Happy New Year to you too! May all the dreams in your eyes, and all the hopes in your life blend together to give you the most spectacular 2009!

Many thanks,
Sabela


----------



## joe86

Pirlo said:


> *My attempt:*
> Buon Anno a te e John. Spero che 2007 ti portassero tanti di salute e felicità.
> 
> Please, wait for the natives.
> Regards,
> Pirlo


 
Well, actually it would be something like:

_Buon Anno a te e a John. Vi auguro un 2007 pieno di salute e felicità/spero che il 2007 vi porti tanta salute e felicità_

Hope that helps

Joe


----------



## paristung

Can we express in "cappodanno"?
for example like "Buon cappodanno" some what.

Grazie


----------



## AlabamaBoy

dolcebellavita said:


> Happy New Year to you too! May all the dreams in your eyes, and all the hopes in your life blend together to give you the most spectacular 2009!
> 
> Many thanks,
> Sabela




Sabela, here is a suggestion, but it is assuming you are sending this wish to one person:

Felice Anno Nuovo a te anche! Che tutti i sogni negli occhi tuoi, e tutte le speranze nella vita si fondano insieme a darti il 2009 spettacolarissimo.

For more than one:

Felice Anno Nuovo a voi anche! Che tutti i sogni negli occhi vostri, e tutte le speranze nella vita si fondano insieme a darvi il 2009 spettacolarissimo.

Please note, I am not a native Italian speaker. I may have translated too literally. I await corrections from my madrelingua friends.


----------



## Necsus

AlabamaBoy said:


> Sabela, here is a suggestion, but it is assuming you are sending this wish to one person:
> 
> Felice Anno Nuovo anche a te! Che tutti i sogni nei tuoi occhi si fondano con le speranze della tua vita per regalarti un 2009 straordinario.
> 
> For more than one:
> 
> Felice Anno Nuovo anche a voi ! Che tutti i sogni nei vostri occhi si fondano con le speranze della vostra vita per regalarvi un 2009 straordinario.
> 
> Please note, I am not a native Italian speaker. I may have translated too literally. I await corrections from my madrelingua friends.

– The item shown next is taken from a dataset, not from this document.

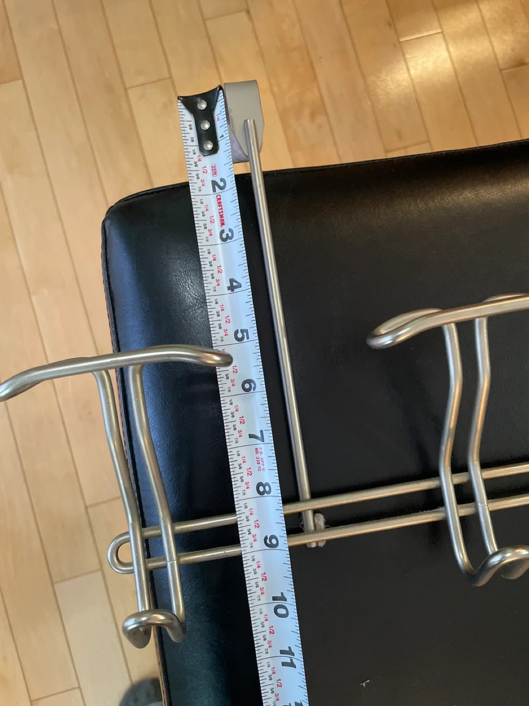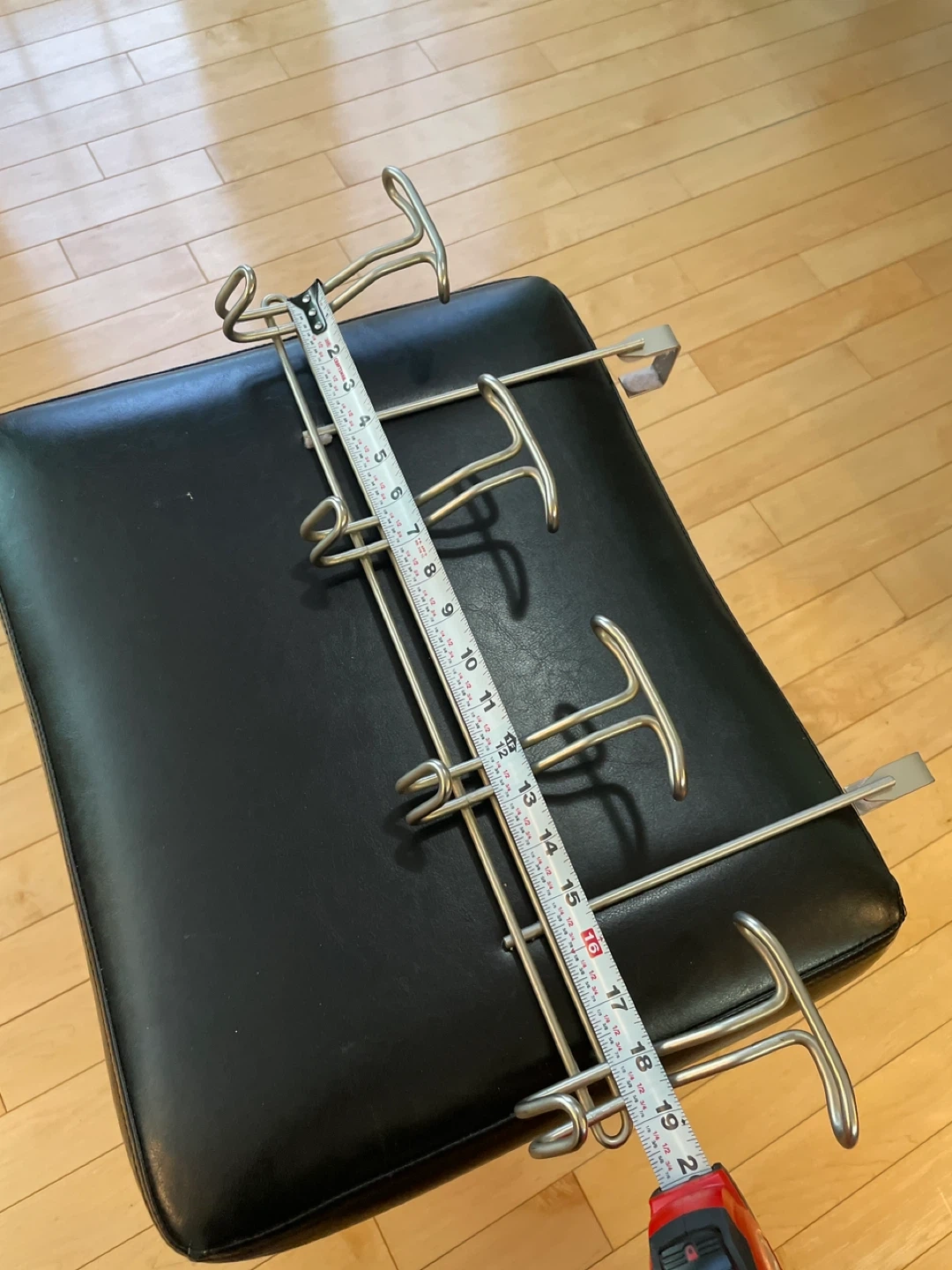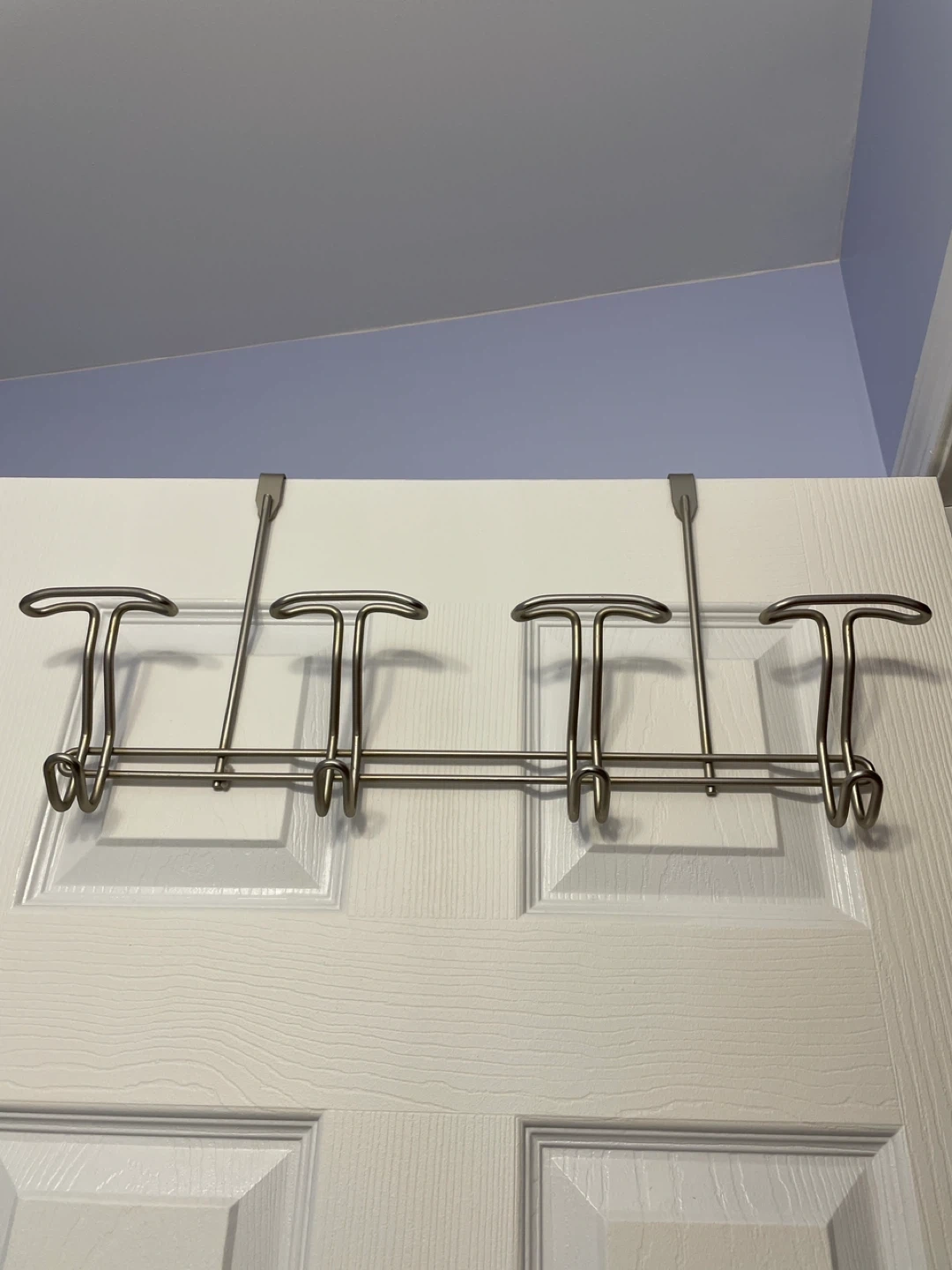 This over-the-door organizer rack features six hooks for hanging coats, bags, or towels. It's made of metal and is designed to fit over standard doors. Great for entryways or bedrooms needing extra storage!

And they have come...!  (even though 'i sogni negli occhi' is not so commonly used...)


----------



## dolcebellavita

Gracie Mille! Thank you so much for your translation it has helped me tremendously! All the best


----------



## Angel.Aura

paristung said:


> Can we express in "*C*a*po*danno"?
> for example like "*C*a*po*danno" some what.


Not exactly.
If you say Buon Capodanno you're actually wishing people they spend a beautiful New Year's Eve and a great 1st day of the year.


----------